Петр слушает Константина. Заманчивые слова! Святая Вера и Святой Престол. И пусть не было этого. И пусть не Константин говорил Петру эти слова! Но, ведь кто-то говорил? Кто говорил? Чей голос он слышал в ушах своих? И он поверил. И человек захотел стать святым, но разве это та дорога? Разве Господь хотел, чтобы ты забыл о своей жизни, дарованной им, и пошел на смерть во имя того, кто назвал тебя камнем? Бедный Симон…

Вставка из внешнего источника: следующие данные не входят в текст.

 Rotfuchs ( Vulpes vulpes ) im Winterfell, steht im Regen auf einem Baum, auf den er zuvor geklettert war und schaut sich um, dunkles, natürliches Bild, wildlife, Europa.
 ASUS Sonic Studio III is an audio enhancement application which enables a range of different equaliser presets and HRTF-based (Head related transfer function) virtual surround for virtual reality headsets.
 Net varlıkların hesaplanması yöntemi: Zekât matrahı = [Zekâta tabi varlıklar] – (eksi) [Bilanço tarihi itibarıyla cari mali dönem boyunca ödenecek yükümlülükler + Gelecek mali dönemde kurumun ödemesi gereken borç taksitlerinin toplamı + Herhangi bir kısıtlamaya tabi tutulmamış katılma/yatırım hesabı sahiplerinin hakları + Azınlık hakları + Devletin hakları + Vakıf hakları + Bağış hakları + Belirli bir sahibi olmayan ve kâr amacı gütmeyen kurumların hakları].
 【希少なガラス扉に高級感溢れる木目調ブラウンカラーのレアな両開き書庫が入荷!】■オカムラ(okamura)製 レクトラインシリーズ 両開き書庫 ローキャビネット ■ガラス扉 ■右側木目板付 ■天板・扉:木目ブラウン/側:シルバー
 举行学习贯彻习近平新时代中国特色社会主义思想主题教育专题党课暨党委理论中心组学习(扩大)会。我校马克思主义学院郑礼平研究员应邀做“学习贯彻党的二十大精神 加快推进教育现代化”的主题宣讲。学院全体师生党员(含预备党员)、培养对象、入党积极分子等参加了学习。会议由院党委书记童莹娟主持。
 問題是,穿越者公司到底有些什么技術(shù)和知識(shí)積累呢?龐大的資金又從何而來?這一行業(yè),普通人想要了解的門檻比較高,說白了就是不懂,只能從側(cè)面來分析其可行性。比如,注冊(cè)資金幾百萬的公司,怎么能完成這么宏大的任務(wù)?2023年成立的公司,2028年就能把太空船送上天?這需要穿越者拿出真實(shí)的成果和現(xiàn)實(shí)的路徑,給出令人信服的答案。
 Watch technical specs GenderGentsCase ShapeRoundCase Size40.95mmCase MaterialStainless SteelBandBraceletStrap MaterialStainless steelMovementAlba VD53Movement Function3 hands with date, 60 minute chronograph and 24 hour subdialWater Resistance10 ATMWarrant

Надо было что-то говорить, и кардинал ди Корсо посмотрел на Великого Магистра Ложи, которую он предал.
– Ты святотатствуешь. Пусть так. Ты или слишком глуп, или слишком самонадеян. Ты пришел сюда, чтобы оскорбить нас и Господа нашего Иисуса Христа. Ты угрожаешь нам и это не ново. Не ты первый делаешь это. Что ты ждешь от нас?
– Видишь, мой дорогой брат, ты говоришь не о том Господе. Две тысячи лет не пошли на пользу церкви. Я сделал то, что должен был сделать – вам решать, что делать с этим дальше. Мое сердце успокоилось, и я могу уйти. – Дайс Ледуайен повернулся и пошел к выходу. Дверь перед ним открылась и молодой монах, почтительно склонив голову, пропустил его. Тринадцать человек молчали и не смотрели друг на друга. Через несколько минут двенадцать из них как по команде повернули головы к кардиналу ди Корсо, и он ответил на их взгляд тем, что встал.
Не первый год он возглавляет Малый Конклав. Не первый год он видит эти взгляды и понимает мысли двенадцати избранных кардиналов. Не первый год он ждал того, что только что случилось. Пусть говорят они – настало время отнестись серьезно к тому, что всегда было рядом, и от чего Церковь пыталась отвернуться две тысячи лет.
А кардиналы думали только об одном: «Кто ты, кардинал ди Корсо? Ты первый среди нас, или ты тринадцатый Апостол? Тот, кто предал Иисуса и имя кому – Иуда? Или тот, кто спас Его».
Гл. 27
Итак, я все-таки сел. Глупо стоять, когда на твоих глазах сидят и собираются выпить.
– Люсьен, Вы слышали, что я Вам сказал? – Голос из преисподней. В смысле, снизу, и как раз в том момент, когда я садился.
– Нет. Я был далеко. Общался с предком.
– И как? – Молчавший рыцарь поставил на стол пустой стакан с когда-то прекрасной «Кровавой Мэри».
– Нормально. Говорит, что вы оба психи, и пора заканчивать концерт. Он боится, что второе отделение будет скучнее первого.